#### [EXERCISE INSTRUCTIONS]
Copying rule for the data below: pictures stay out, and only the lines from the one with "Xàbia is expanding" down to the one with "Ilkay Gundogan laid", inclusive, are repeated exactly.

#### [INFORMATION]

^^^^

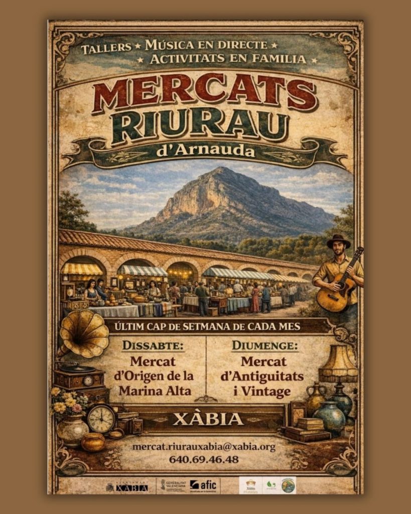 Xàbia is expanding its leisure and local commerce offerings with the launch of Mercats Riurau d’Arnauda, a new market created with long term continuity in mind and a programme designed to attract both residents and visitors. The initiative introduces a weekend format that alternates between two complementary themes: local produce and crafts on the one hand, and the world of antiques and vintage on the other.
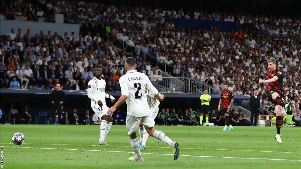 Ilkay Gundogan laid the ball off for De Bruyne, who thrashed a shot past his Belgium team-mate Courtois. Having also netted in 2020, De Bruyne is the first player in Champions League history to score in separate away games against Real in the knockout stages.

^^^^

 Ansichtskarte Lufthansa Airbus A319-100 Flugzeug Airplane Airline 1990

^^^^

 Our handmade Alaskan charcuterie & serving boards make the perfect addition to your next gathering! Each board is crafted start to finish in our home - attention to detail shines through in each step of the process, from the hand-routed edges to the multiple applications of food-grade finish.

^^^^

#### [EXERCISE RESULT]
 Xàbia is expanding its leisure and local commerce offerings with the launch of Mercats Riurau d’Arnauda, a new market created with long term continuity in mind and a programme designed to attract both residents and visitors. The initiative introduces a weekend format that alternates between two complementary themes: local produce and crafts on the one hand, and the world of antiques and vintage on the other.
 Ilkay Gundogan laid the ball off for De Bruyne, who thrashed a shot past his Belgium team-mate Courtois. Having also netted in 2020, De Bruyne is the first player in Champions League history to score in separate away games against Real in the knockout stages.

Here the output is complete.